(Records drawn from a dataset)

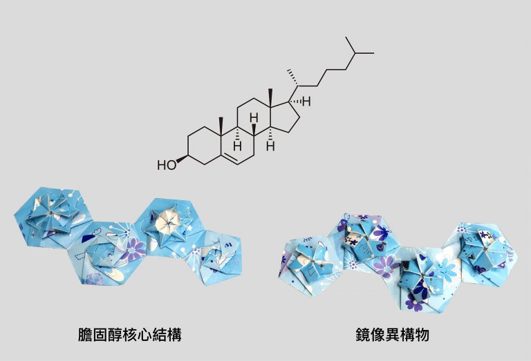 但若膽固醇的結構摺反了,看起來就像是鏡子的反射,這樣就出現「鏡像」的問題。洪上程拿出兩枚摺紙作品對照,這種鏡像的產物,在有機化學領域稱為鏡像異構物(Enantiomer) 。
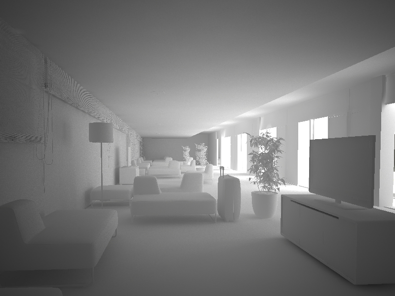Tengo otro test para ti, coloca el material de las ventanas para que entre luz, ya que no sé si tienes activado el environment en Vray, hazlo en una escena aparte, no sobre esta, guarda como, y haz test, es el único modo de aprender. Estas pruebas hazlas apagando cualquier otra luz, tienes que intentar que la luz del entorno de Vray, sea coherente con la luz que entraría por las ventanas, de estar a pleno día, con esto intentaremos evitar tanta Vraylight aprovechando un método más rápido, una vez logres ese efecto en tu interior, activa nuevamente las vraylights, ve si siguen haciendo falta o ajustarlas en multiplicador, etc.
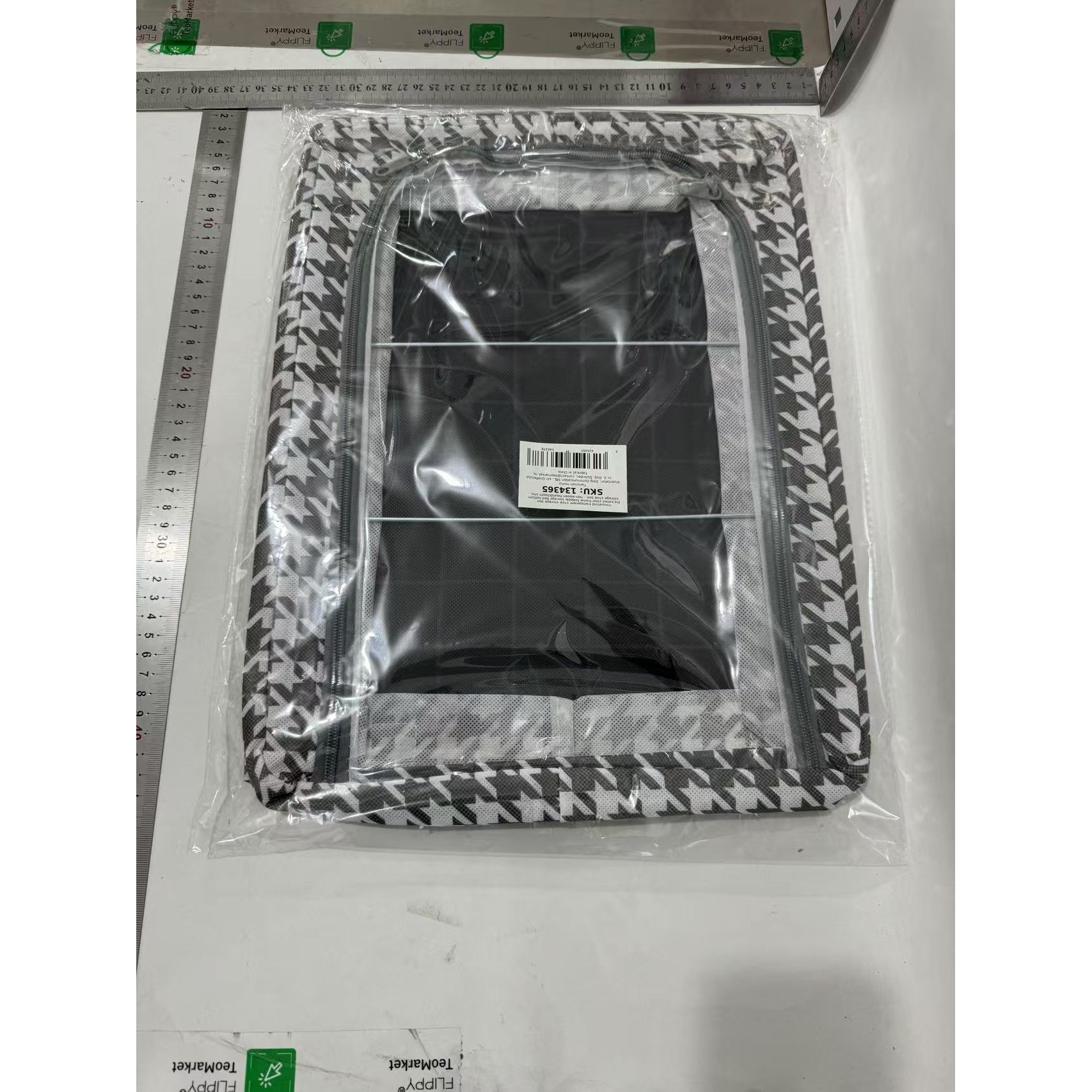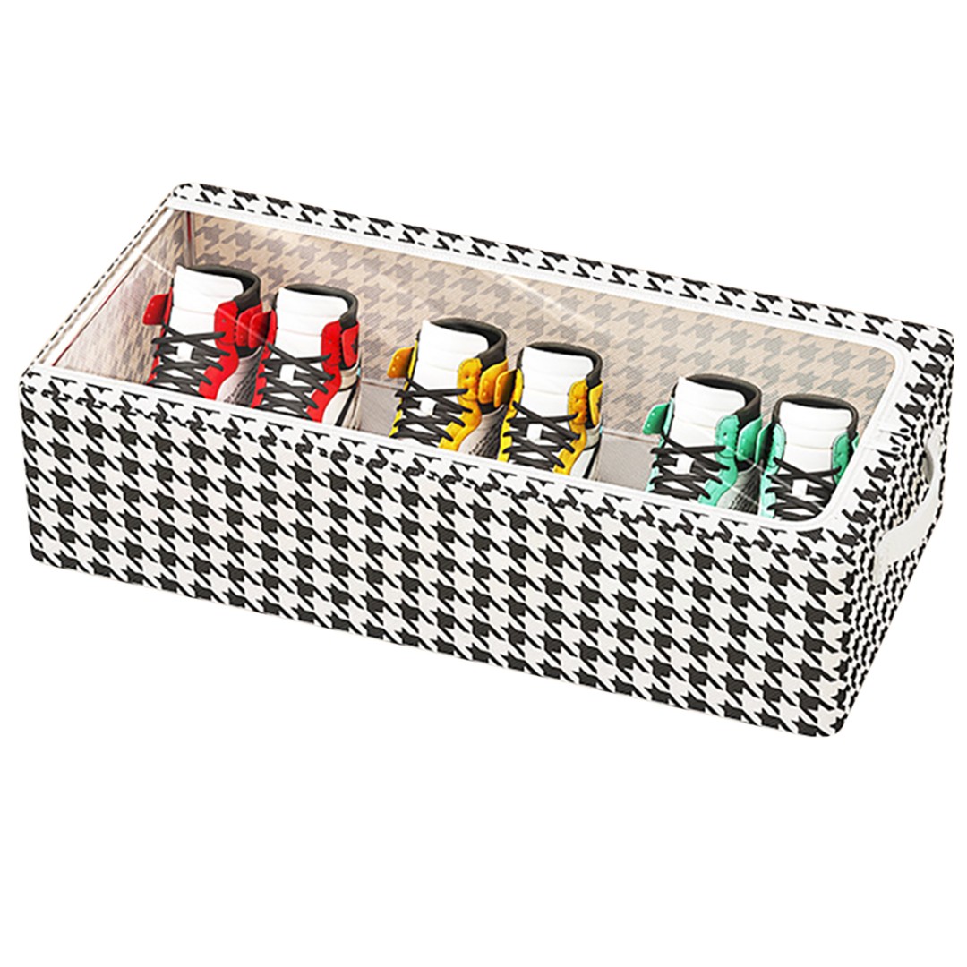 Cutie Depozitare cu Cadru Metalic, Flippy, pentru Incaltaminte, Haine, Lingerie, Fermoar Calitativ, Fereastra Transparenta, Manere Laterale, 40 x 30 x 15 cm, Alb Negru
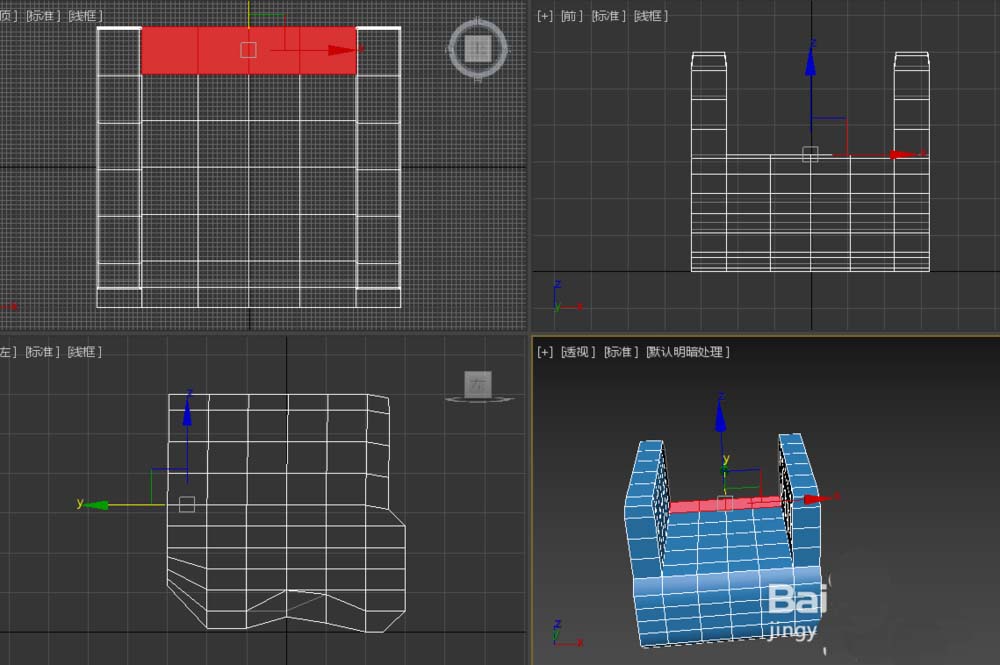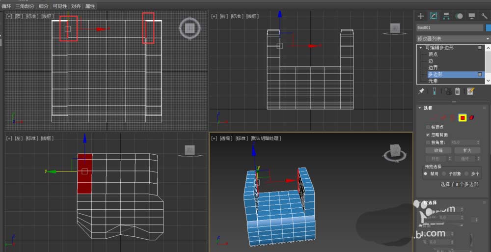 7、進入多邊形層級,選擇如圖所示的多邊形,按鍵盤中的delete鍵,將選擇的多邊形刪除。
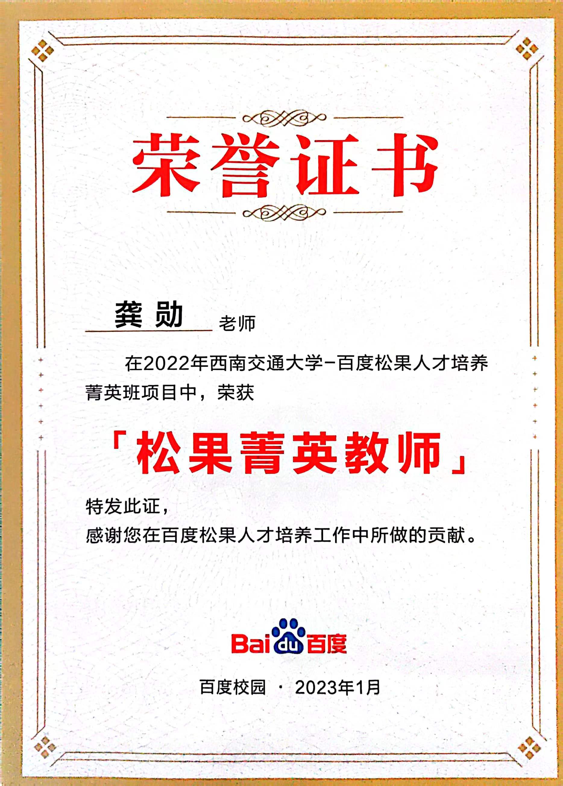 龚老师非常注重计算机教学与产业前沿的结合,在教学中始终坚持紧密联系实际,注重培养员工解决实际问题的能力,2021年、2022年分别获“伟德国际1949始于英国-百度松果”人才培养菁英班项目最佳掌舵人、松果菁英老师称号。

WHAT IS NEEDED: Drop the pictures and give every line above again exactly.

RESPONSE:
 但若膽固醇的結構摺反了,看起來就像是鏡子的反射,這樣就出現「鏡像」的問題。洪上程拿出兩枚摺紙作品對照,這種鏡像的產物,在有機化學領域稱為鏡像異構物(Enantiomer) 。
Tengo otro test para ti, coloca el material de las ventanas para que entre luz, ya que no sé si tienes activado el environment en Vray, hazlo en una escena aparte, no sobre esta, guarda como, y haz test, es el único modo de aprender. Estas pruebas hazlas apagando cualquier otra luz, tienes que intentar que la luz del entorno de Vray, sea coherente con la luz que entraría por las ventanas, de estar a pleno día, con esto intentaremos evitar tanta Vraylight aprovechando un método más rápido, una vez logres ese efecto en tu interior, activa nuevamente las vraylights, ve si siguen haciendo falta o ajustarlas en multiplicador, etc.
 Cutie Depozitare cu Cadru Metalic, Flippy, pentru Incaltaminte, Haine, Lingerie, Fermoar Calitativ, Fereastra Transparenta, Manere Laterale, 40 x 30 x 15 cm, Alb Negru
 7、進入多邊形層級,選擇如圖所示的多邊形,按鍵盤中的delete鍵,將選擇的多邊形刪除。
 龚老师非常注重计算机教学与产业前沿的结合,在教学中始终坚持紧密联系实际,注重培养员工解决实际问题的能力,2021年、2022年分别获“伟德国际1949始于英国-百度松果”人才培养菁英班项目最佳掌舵人、松果菁英老师称号。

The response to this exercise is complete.